It must be owned that the revised calendar was left to the professor's sole use, and the colony was fairly puzzled whenever he referred to such unheard-of dates as the 47th of April or the 118th of May.

According to the old calendar, June had now arrived;

[illustration omitted] [page intentionally blank] and by the professor's tables Gallia during the month would have advanced 27,500,000 leagues farther along its orbit, and would have attained a distance of 155,000,000 leagues from the sun. The thermometer continued to fall; the atmosphere remained clear as heretofore.
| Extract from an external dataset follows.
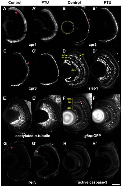 Immunostaining was conducted on 10-μm-thick cryosections of PTU-treated and control larvae at 4 dpf with the following first antibodies: (A & A′) anti-zpr1 for cones (red arrowhead), (B & B′) anti-zpr2 for RPE (red arrowhead), (C & C′) anti-zpr3 for rods (red arrowhead), (D & D′) anti-Islet1 for GCs, ACs, BCs and HCs, (E & E′) anti-acetylated α-tubulin for the axons of differentiated neurons, (G & G′) anti-PH3 for mitotic cells (red arrowheads) and (H & H′) anti-active caspase3 for apoptotic cells. (F & F′) MCs were visualized by cryosectioning of a transgenic fish Tg(gfap:GFP)mi2001 treated with PTU in the same manner. The cell bodies were visualized by green fluorescence (red arrowhead). All positive signal areas or cell counts were extracted and normalized by retinal area, which was traced in the channel with DAPI nuclei stain. There are no differences in staining of any markers between the PTU-treated and control groups except for zpr2, in which the positive signal/ retinal area was larger in the PTU-treated group. All images are transverse sections; the lens is on the left (the location is indicated by a dotted yellow circle in (B)) and dorsal is up. The approximate retinal cell layers and cell types are indicated in (D) and (F). Scale bar = 50 μm.

The population performed their daily avocations with systematic routine; and almost the only thing that broke the monotony of existence was an occasional visit from the blustering, nervous, little professor, when some sudden fancy induced him to throw aside his astronomical studies for a time, and pay a visit to the common hall. His arrival there was generally hailed as the precursor of a little season of excitement. Somehow or other the conversation would eventually work its way round to the topic of a future collision between the comet and the earth; and in the same degree as this was a matter of sanguine anticipation to Captain Servadac and his friends, it was a matter of aversion to the astronomical enthusiast, who had no desire to quit his present quarters in a sphere which, being of his own discovery, he could hardly have cared for more if it had been of his own creation. The interview would often terminate in a scene of considerable animation.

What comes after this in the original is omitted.